Stored dataset items:
┌────────
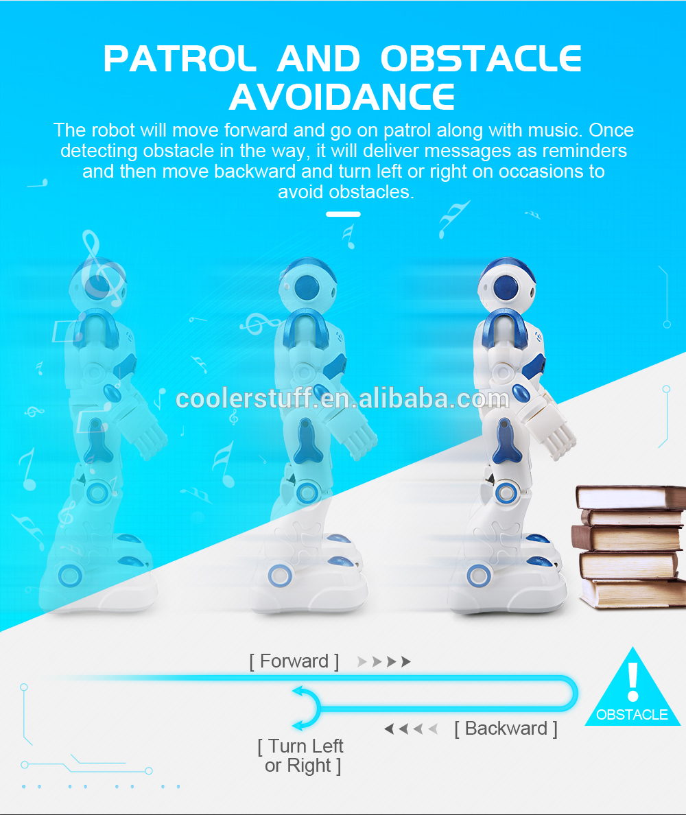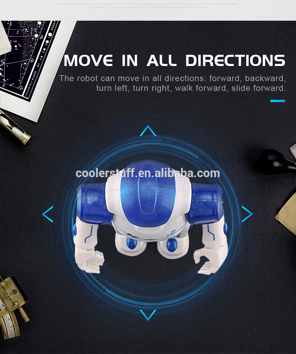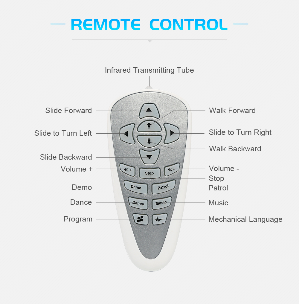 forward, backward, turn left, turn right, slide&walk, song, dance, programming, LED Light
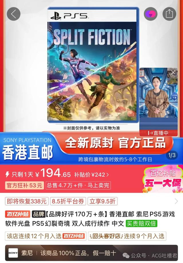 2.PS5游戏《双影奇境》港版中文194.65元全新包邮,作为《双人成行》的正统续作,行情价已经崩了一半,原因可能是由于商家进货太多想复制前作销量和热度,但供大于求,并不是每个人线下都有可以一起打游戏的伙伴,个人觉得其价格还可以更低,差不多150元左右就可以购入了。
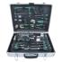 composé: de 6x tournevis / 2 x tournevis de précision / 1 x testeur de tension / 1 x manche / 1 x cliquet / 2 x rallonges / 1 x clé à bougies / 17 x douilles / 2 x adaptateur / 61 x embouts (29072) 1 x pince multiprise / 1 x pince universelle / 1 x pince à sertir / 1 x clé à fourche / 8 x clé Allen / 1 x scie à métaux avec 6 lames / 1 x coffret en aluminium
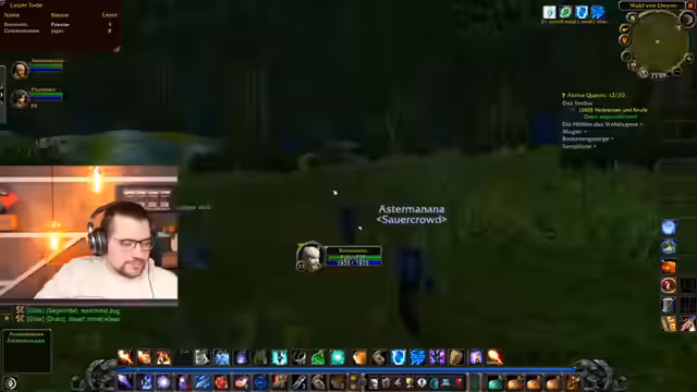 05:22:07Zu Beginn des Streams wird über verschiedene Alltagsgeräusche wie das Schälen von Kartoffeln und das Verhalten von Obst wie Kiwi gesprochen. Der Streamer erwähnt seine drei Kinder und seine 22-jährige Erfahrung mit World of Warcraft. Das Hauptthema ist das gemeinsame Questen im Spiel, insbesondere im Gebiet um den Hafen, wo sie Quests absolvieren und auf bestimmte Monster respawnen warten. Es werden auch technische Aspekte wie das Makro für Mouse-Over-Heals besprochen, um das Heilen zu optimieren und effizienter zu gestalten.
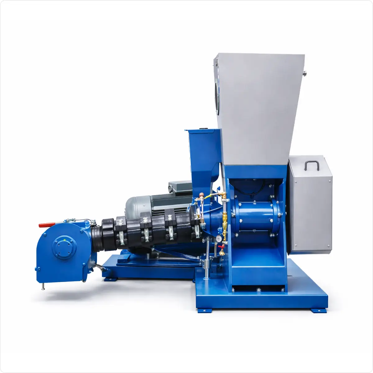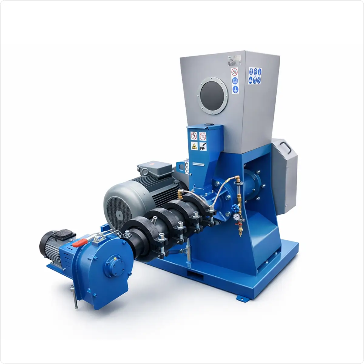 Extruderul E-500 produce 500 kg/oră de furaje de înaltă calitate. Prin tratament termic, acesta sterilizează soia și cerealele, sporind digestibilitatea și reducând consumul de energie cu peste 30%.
└────────
#### Activity:
Every entry above should be given again exactly, with no images included.

#### Expected output:
 forward, backward, turn left, turn right, slide&walk, song, dance, programming, LED Light
 2.PS5游戏《双影奇境》港版中文194.65元全新包邮,作为《双人成行》的正统续作,行情价已经崩了一半,原因可能是由于商家进货太多想复制前作销量和热度,但供大于求,并不是每个人线下都有可以一起打游戏的伙伴,个人觉得其价格还可以更低,差不多150元左右就可以购入了。
 composé: de 6x tournevis / 2 x tournevis de précision / 1 x testeur de tension / 1 x manche / 1 x cliquet / 2 x rallonges / 1 x clé à bougies / 17 x douilles / 2 x adaptateur / 61 x embouts (29072) 1 x pince multiprise / 1 x pince universelle / 1 x pince à sertir / 1 x clé à fourche / 8 x clé Allen / 1 x scie à métaux avec 6 lames / 1 x coffret en aluminium
 05:22:07Zu Beginn des Streams wird über verschiedene Alltagsgeräusche wie das Schälen von Kartoffeln und das Verhalten von Obst wie Kiwi gesprochen. Der Streamer erwähnt seine drei Kinder und seine 22-jährige Erfahrung mit World of Warcraft. Das Hauptthema ist das gemeinsame Questen im Spiel, insbesondere im Gebiet um den Hafen, wo sie Quests absolvieren und auf bestimmte Monster respawnen warten. Es werden auch technische Aspekte wie das Makro für Mouse-Over-Heals besprochen, um das Heilen zu optimieren und effizienter zu gestalten.
 Extruderul E-500 produce 500 kg/oră de furaje de înaltă calitate. Prin tratament termic, acesta sterilizează soia și cerealele, sporind digestibilitatea și reducând consumul de energie cu peste 30%.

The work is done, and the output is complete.